IS every application to the Traffic Commissioners considered entirely on its merits, in accordance with the repeated observations of the Minister of Transport? This question is prompted by certain information that has come to our notice and by the conclusions which we draw from it.

As has been publicly admitted, appeals by passenger-transport operators are not determined by the Minister wholly on the facts, but in furtherance of an administrative policy. It would, therefore, appear to be difficult for the Commissioners always to reach a just decision on the merits of an application if the Minister has, on a previous occasion, dismissed a similar case in accordance with a departmental policy.

It is possible for Commissioners to feel, in exercising their unfettered discretion, that the facts of a case, as presented to them, demand, in justice, that a decision favourable to the applicant should be given, although the Minister may, on previous appeals and for reasons best known to himself, have overruled it.
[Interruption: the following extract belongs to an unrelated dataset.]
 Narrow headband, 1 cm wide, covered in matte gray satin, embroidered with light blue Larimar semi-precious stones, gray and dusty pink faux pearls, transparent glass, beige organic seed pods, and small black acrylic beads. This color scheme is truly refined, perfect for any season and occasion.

It would obviOusly not be prudent for the Commissioners to make a decision which, in effect, informed the Minister that they were wiser than he, and they would be placed in the position of having to give a ruling with which they did not agree.
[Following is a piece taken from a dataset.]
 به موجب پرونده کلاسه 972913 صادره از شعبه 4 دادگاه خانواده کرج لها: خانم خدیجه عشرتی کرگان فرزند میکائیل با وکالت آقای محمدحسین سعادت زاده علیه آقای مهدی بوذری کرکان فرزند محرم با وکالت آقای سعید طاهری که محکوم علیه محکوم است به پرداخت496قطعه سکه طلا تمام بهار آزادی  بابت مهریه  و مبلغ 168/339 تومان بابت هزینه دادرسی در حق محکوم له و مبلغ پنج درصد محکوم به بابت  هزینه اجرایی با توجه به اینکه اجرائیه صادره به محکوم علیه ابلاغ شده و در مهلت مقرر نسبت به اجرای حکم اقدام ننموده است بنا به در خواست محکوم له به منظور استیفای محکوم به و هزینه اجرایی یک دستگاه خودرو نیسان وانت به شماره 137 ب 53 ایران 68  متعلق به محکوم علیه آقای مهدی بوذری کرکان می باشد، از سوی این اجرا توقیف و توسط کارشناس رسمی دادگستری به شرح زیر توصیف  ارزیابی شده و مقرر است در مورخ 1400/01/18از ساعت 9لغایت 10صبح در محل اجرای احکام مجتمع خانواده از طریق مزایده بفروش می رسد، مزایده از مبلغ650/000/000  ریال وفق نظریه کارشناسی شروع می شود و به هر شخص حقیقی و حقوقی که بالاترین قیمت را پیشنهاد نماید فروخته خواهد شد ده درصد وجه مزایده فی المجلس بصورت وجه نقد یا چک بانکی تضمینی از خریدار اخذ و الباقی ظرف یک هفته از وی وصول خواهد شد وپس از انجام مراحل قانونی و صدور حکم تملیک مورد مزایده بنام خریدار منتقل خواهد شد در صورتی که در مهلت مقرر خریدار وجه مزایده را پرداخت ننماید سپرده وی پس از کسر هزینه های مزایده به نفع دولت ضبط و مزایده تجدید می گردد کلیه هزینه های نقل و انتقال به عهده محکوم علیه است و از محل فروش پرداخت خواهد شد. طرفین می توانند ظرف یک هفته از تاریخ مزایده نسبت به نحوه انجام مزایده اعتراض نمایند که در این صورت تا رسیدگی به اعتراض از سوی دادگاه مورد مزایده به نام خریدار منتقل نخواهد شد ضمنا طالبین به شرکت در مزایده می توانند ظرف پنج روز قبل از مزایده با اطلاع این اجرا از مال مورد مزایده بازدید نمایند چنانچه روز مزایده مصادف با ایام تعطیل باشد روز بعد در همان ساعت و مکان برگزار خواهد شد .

This circumstance emphasizes the importance of the establishment of an independent, judicial appeal tribunal for road passenger transport, although coach and bus owners do not appear unanimously to wish that it should be conducted on the same lines as the Appeal Tribunal under the Road and Rail Traffic Act, 1933. In some quarters it is held that the Tribunal concerns itself too greatly with legal quibbles, particularly by the railway companies, to the disadvantage of appellants.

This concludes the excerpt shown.